Transcribe word for word the section of the records below that opens with the line containing "Giovedì 12 marzo" and closes with the line containing "For their headquarters"; drop every picture.

─── Extracted data ───

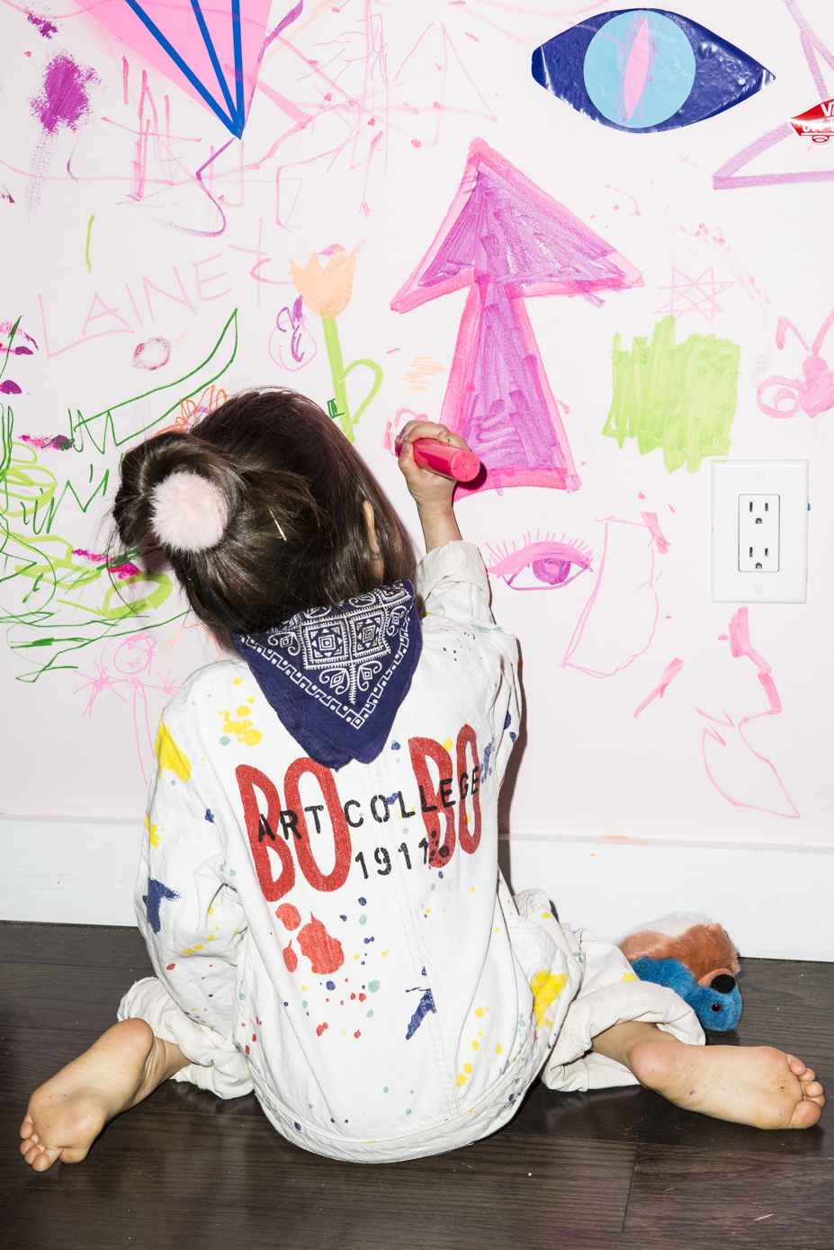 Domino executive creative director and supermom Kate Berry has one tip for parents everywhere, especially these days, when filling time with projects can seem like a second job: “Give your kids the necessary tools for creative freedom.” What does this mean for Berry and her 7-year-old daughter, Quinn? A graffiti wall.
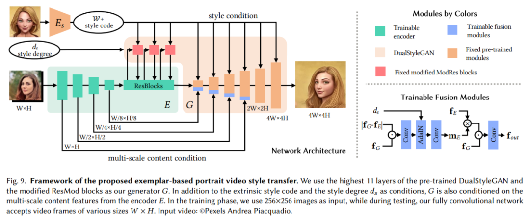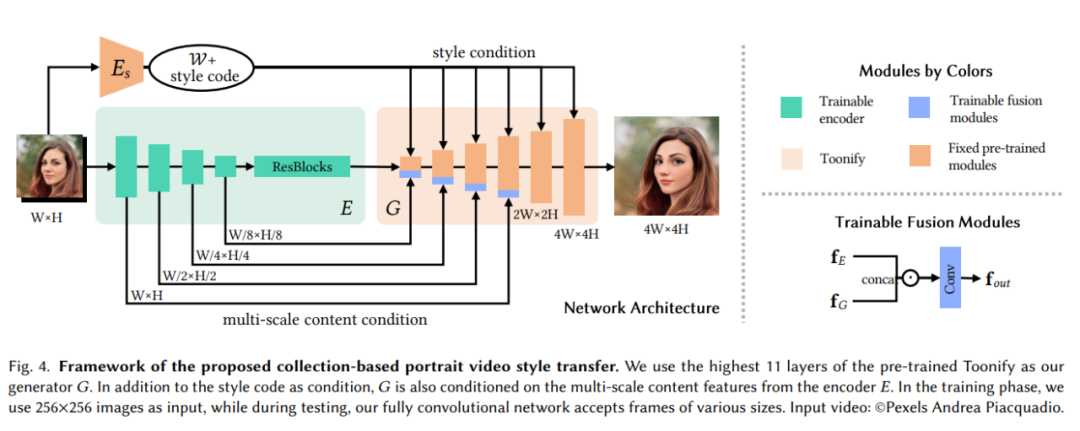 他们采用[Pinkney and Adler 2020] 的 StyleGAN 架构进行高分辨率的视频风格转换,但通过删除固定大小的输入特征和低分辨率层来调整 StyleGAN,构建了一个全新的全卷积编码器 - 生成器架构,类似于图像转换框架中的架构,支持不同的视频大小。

───
─── Extracted data ───

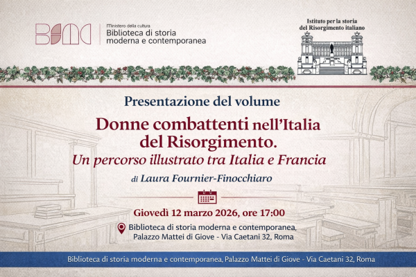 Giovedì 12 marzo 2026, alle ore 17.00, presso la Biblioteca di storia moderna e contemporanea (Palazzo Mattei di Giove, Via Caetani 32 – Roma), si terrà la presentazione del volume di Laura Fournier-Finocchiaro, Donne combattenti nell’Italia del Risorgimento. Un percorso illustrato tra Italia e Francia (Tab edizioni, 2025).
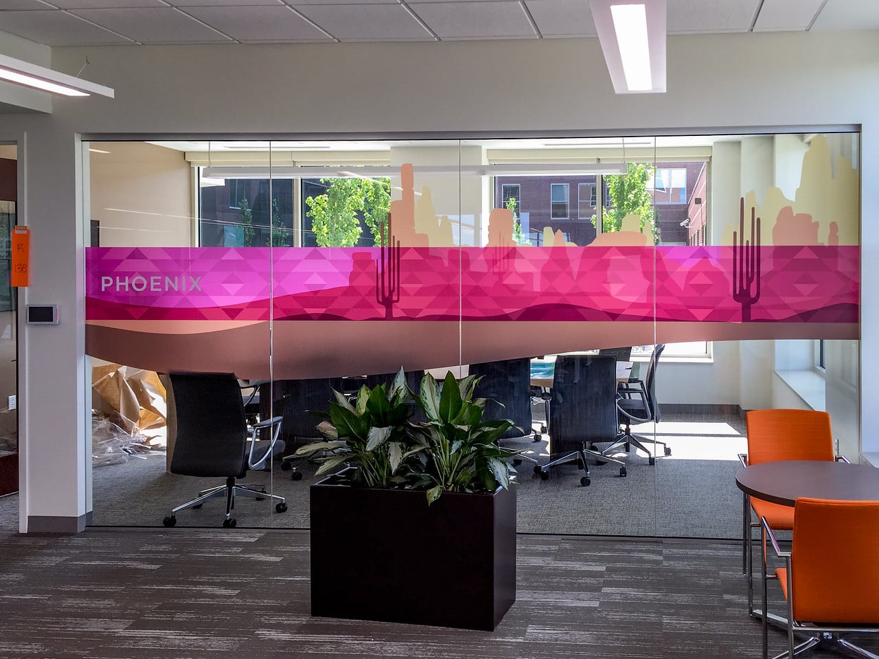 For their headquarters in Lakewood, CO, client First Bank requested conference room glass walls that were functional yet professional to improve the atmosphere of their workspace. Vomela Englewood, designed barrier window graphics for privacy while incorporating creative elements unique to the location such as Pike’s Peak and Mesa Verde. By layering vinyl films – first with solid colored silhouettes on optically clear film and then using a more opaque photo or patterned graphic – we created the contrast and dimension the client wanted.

───

Task response:
 Giovedì 12 marzo 2026, alle ore 17.00, presso la Biblioteca di storia moderna e contemporanea (Palazzo Mattei di Giove, Via Caetani 32 – Roma), si terrà la presentazione del volume di Laura Fournier-Finocchiaro, Donne combattenti nell’Italia del Risorgimento. Un percorso illustrato tra Italia e Francia (Tab edizioni, 2025).
 For their headquarters in Lakewood, CO, client First Bank requested conference room glass walls that were functional yet professional to improve the atmosphere of their workspace. Vomela Englewood, designed barrier window graphics for privacy while incorporating creative elements unique to the location such as Pike’s Peak and Mesa Verde. By layering vinyl films – first with solid colored silhouettes on optically clear film and then using a more opaque photo or patterned graphic – we created the contrast and dimension the client wanted.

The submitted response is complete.